2020-02-17 #microservices #state #source of truthWhen we are talking about a system, there is one point that we need to discuss where the "Source of Truth" of it is. In Monoliths, the source of truth is the storage itself. But where does it sit in a system that is composed by multiple parts?
Just to be clear here: What I mean by "source of truth" is whatever you can use to check if the system is producing the correct values. For example, in a pipeline to count how much users transfer in a CDN, the source of truth could be the logs (you can read the logs and check if the service responsible for summing the results is correct); in an e-commerce site, we could assume the source of truth to be the items in every invoice for the total revenue (if you sum all the items quantities by their prices, you'll get the revenue back).
One important factor of a source of truth is that not only you can use it to check if your services are correct, but you can also re-apply its content back to the system to rebuild artifacts.
But here is a problem: If your system is distributed and each microservice is building a different artifact, where is the source of truth?
Previously, I mentioned that microservices could keep an state in order to produce the artifact. That could be the source of truth for that microservice, as long as it doesn't delete old data -- in which case, how would you rebuild old artifacts if you can't return the state to an old... state?
Another solution is to make the insertion microservice (the one that captures data from an external source) to build this source of truth; in case of the need to rebuild the data, you can just add an API in that microservice for it to republish data related to a certain object, which will go down the pipeline and every microservice will rebuild their artifacts.
And, finally, if you build an event source pipeline correctly, you can build a single service that will listed to every event and keep a global event source, which you can again expose an API to replay all events of an object.

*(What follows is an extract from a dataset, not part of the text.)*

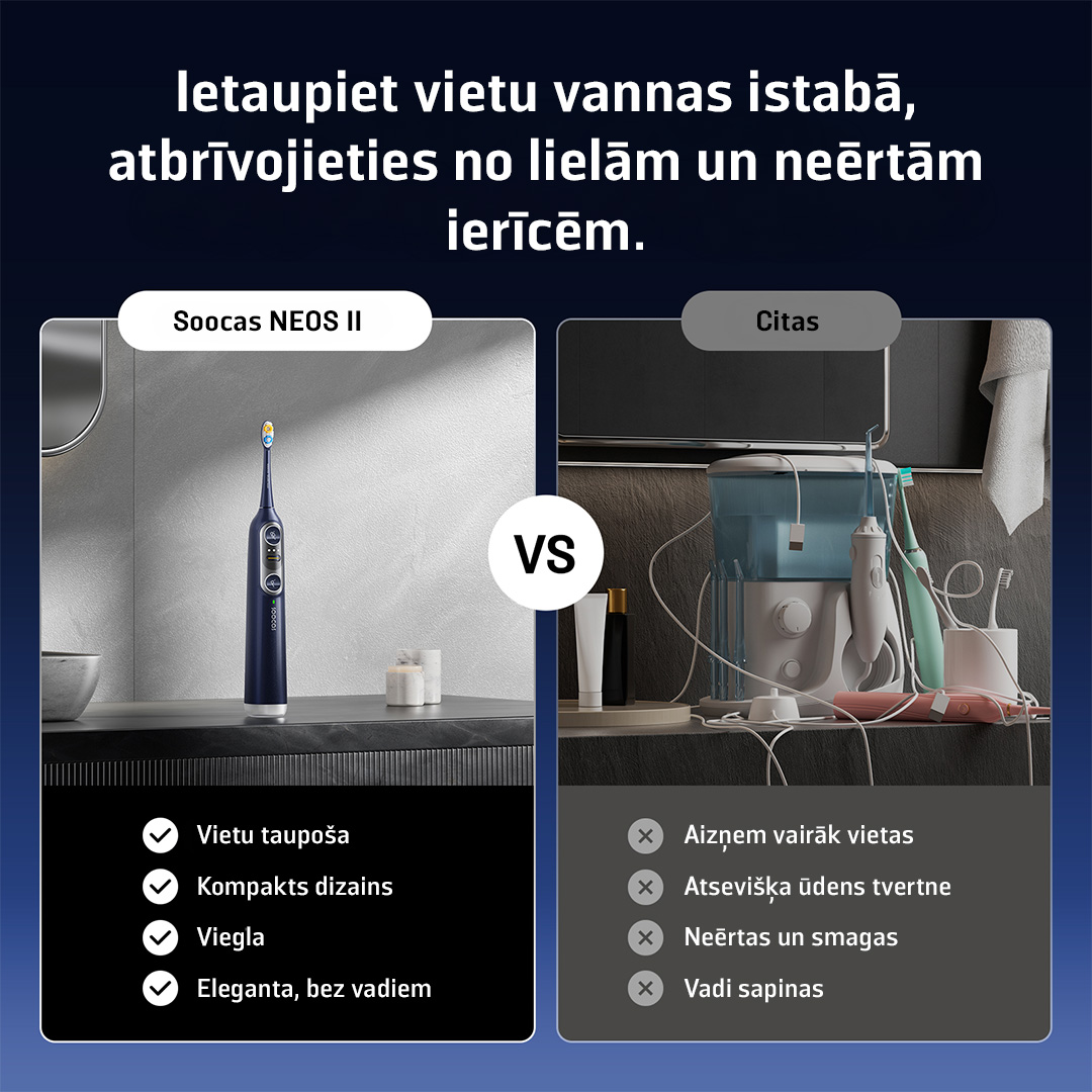 Tradicionālie mutes kopšanas produkti gadu desmitiem nav būtiski mainījušies. Lai gan iespējams izmantot zobu suku un ūdens floseri atsevišķi, divu ierīču lietošana bieži vien ir neērta. Soocas NEOS II apvieno abus vienā ierīcē, ļaujot viegli un efektīvi rūpēties par zobiem.

.. although I have a feeling that certain events should be changed; for example, if you make the event source replay everything related to an invoice -- in order to reproduce the complete invoice artifact -- you may have to replay a "create user" event, which won't make sense 'cause the object already exists, and it shouldn't create a new user with the same information.
Either that, or you could make the invoice service request the costumer service the data if it doesn't have it already.
Anyway, one recommendation that I have is to always build something that can keep track of your data, in case you need to rebuild your artifacts and your state removes old data (which is perfectly normal, I must add).